Declining sperm counts will have consequences.
Mother Nature only wants one thing from a man: for him to produce sperm and deposit it in a fertile woman. The man as a business. And the sperm as a dividend that is released two to three times a week, normally 50-500 million at a time.
Nature needs abundance: below 40 million, reproduction begins to struggle.
Sperm cells were first seen by cloth merchant Anthony van Leuwenhoek in Delft.
He had invented a very primitive microscope. That was 350 years ago.
He regarded the sperm cells as little animals, each containing a preformed human being.
They have been counted like blood cells for 150 years. The count is not an opinion, but a measurement result that cannot be changed, only interpreted.

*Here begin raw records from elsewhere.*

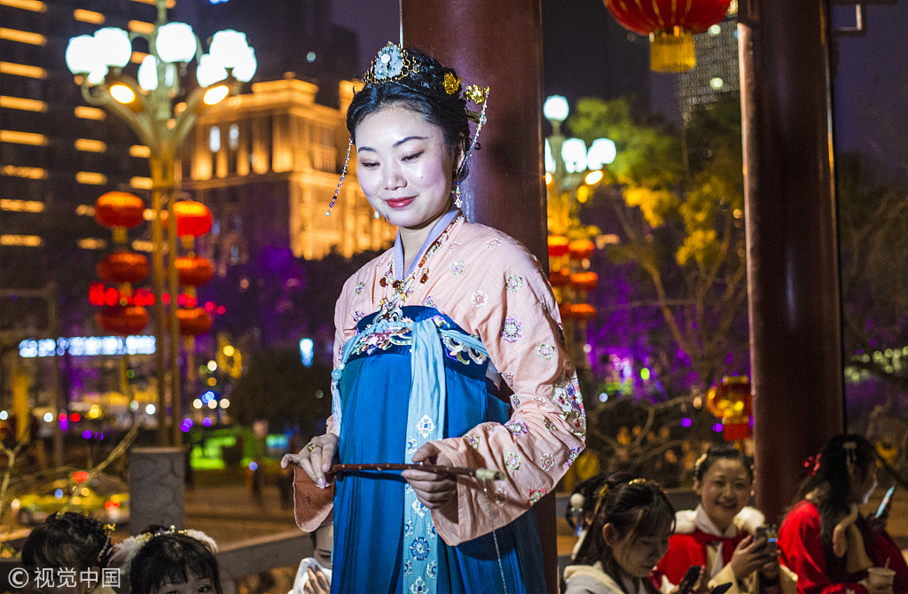 2019年2月1日,成都春节期间即将恢复的“夜游锦江”夜游航段将从339成华公园码头到合江亭段分段行船,全程约4.4公里。在合江亭,数百汉服爱好者齐聚。
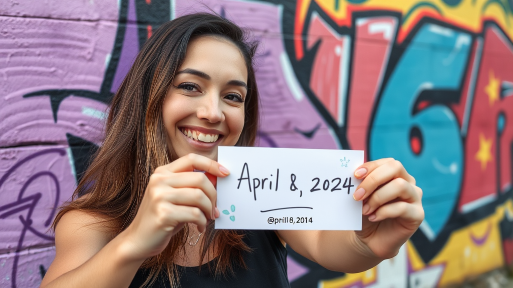 A woman taking a selfie while smiling, holding a neatly written card displaying the date "April 8, 2024" with her username beneath it, standing against a colorful graffiti wall that adds an artistic touch to the composition.
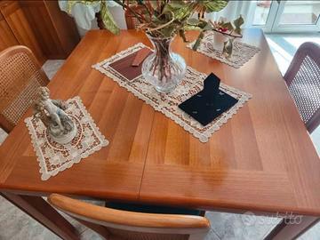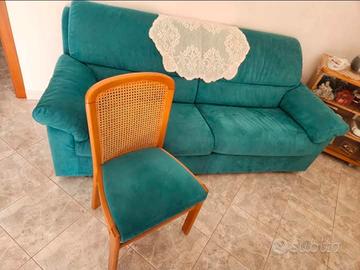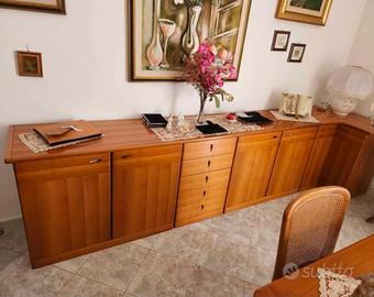 Vendo set completo di arredamento da salotto/soggiorno, composto da mobili in legno(ciliegio, finitura lucida) e sedute in stile classico coordinato, tutti in OTTIME condizioni: 🔹 Inclusi nel prezzo: • Credenza angolare in legno, con 6 ante e 6 cassetti • Tavolo in legno estensibile (quadrato/allungabile) • 6 sedie in legno con paglia di Vienna e seduta imbottita verde petrolio • Divano letto matrimoniale, 3 posti in tessuto effetto velluto verde petrolio, in ottimo stato VENDIBILE ANCHE SINGOLARMENTE: •CREDENZA: 100€ •TAVOLO con SEDIE: 150€ •DIVANO LETTO:150€ 🎨 Il set è completamente coordinato, ideale per chi cerca un arredamento armonioso, elegante e pronto all’uso. 📌 Oggetti decorativi presenti nelle foto non inclusi. Vantaggi per chi compra tutto: • Arredamento pronto e armonico per salotto/soggiorno • Stile classico elegante, materiali robusti • Ottime condizioni generali • Coordinamento tra imbottiti e mobili in legno. Salotto completo coordinato – tavolo, sedie, credenza, divano. Ritiro e smontaggio a carico dell'acquirente. Contattami per maggiori informazioni o per visionare.
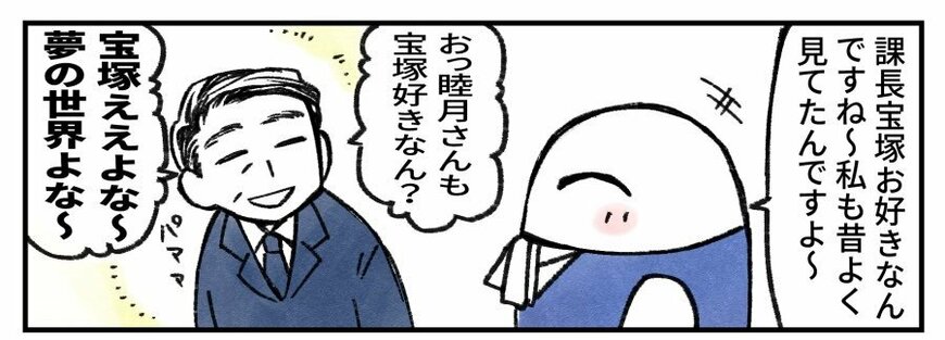 「職場の上司が宝塚好きと判明した漫画」というコメントとともに投稿されたのは、ある日の職場の上司との雑談を綴った4コマ漫画でした。
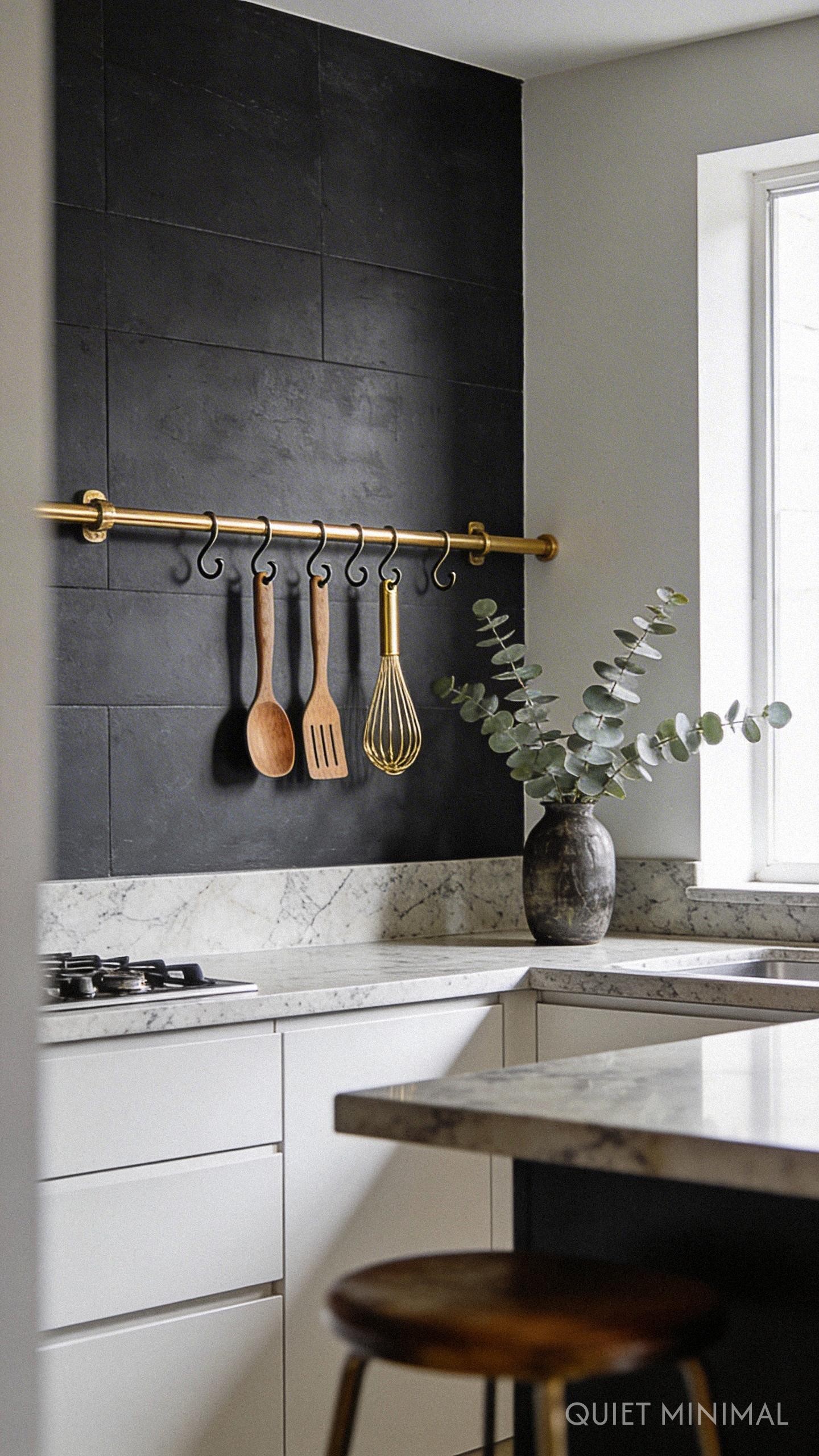 This approach treats your utensils as decor. When selecting your tools, opt for cohesive materials—wood, stainless steel, or gold finishes—so the display looks intentional rather than chaotic. It adds a layer of metallic texture that breaks up the cabinetry.
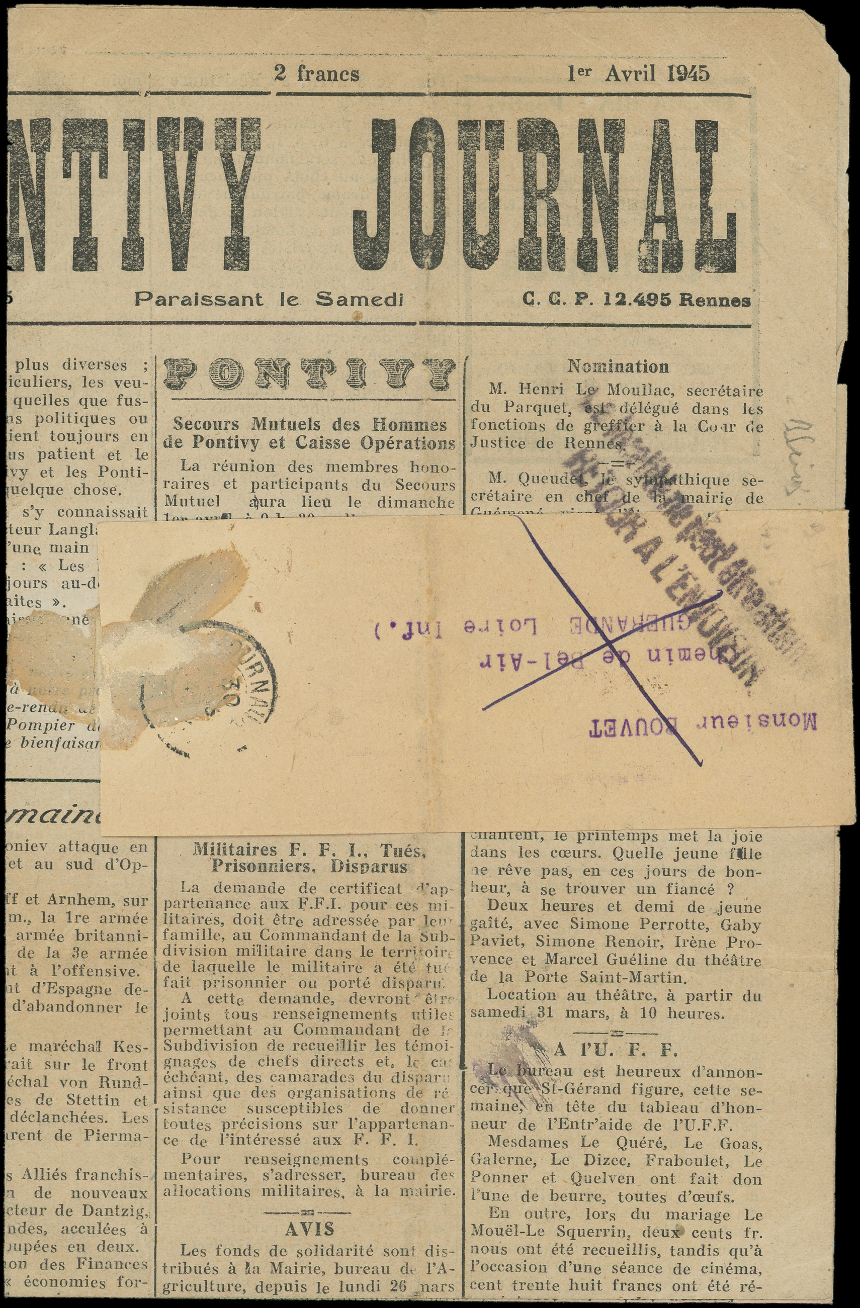 JOURNAL" du 1/4/45, sous bande adressée à Guérande, griffe "La Localité ne peut être atteinte/RETOUR A L'ENVOYEUR", TB (Image)

In 1992, the first report came from Denmark about a dramatic decline in sperm counts since around 1950. After scepticism, the findings were confirmed in Western countries.
In 2017, a survey showed a decline of around one per cent per year to less than half. The male sex hormone testosterone is falling in parallel. Involuntarly childless couples are becoming more frequent.
As a result, male fertility will decline from around 2045. Devastating for any old-age pension. Without a reversal of the trend, the only option is to hope for the retort or fertile southern migrants.
But in 2022, the latest findings show an accelerated decline to 2 per cent per year. Also in Asia, Africa and South America. No trend reversal. Reproduction problems even before 2045.And little hope for fertile southern migrants.
There is a lot of talk about old age pensions in many media. but the decline in sperm count has gone largely unmentioned in this context.
As for causes the falling testosterone levels hint to hormone imbalance. There is a lot of evidence to blame the plasticisers in plastic. They distort hormone effects, and we ingest them through milk bottles and yoghurt pots, among other things. I elaborated on this here: Sperm Loss by Castration in the Womb - by Lukas Fierz (substack.com)
The French parliament has just banned many of these chemicals. And the parliaments of other countries?
Yes I know, probably they are doing nothing as always. Not so bad in view of overpopulation. So we could go back to business as usual, as with bees, other insects and songbirds.
Nevertheless, there are some questions that keep me going. But this is perhaps for another time.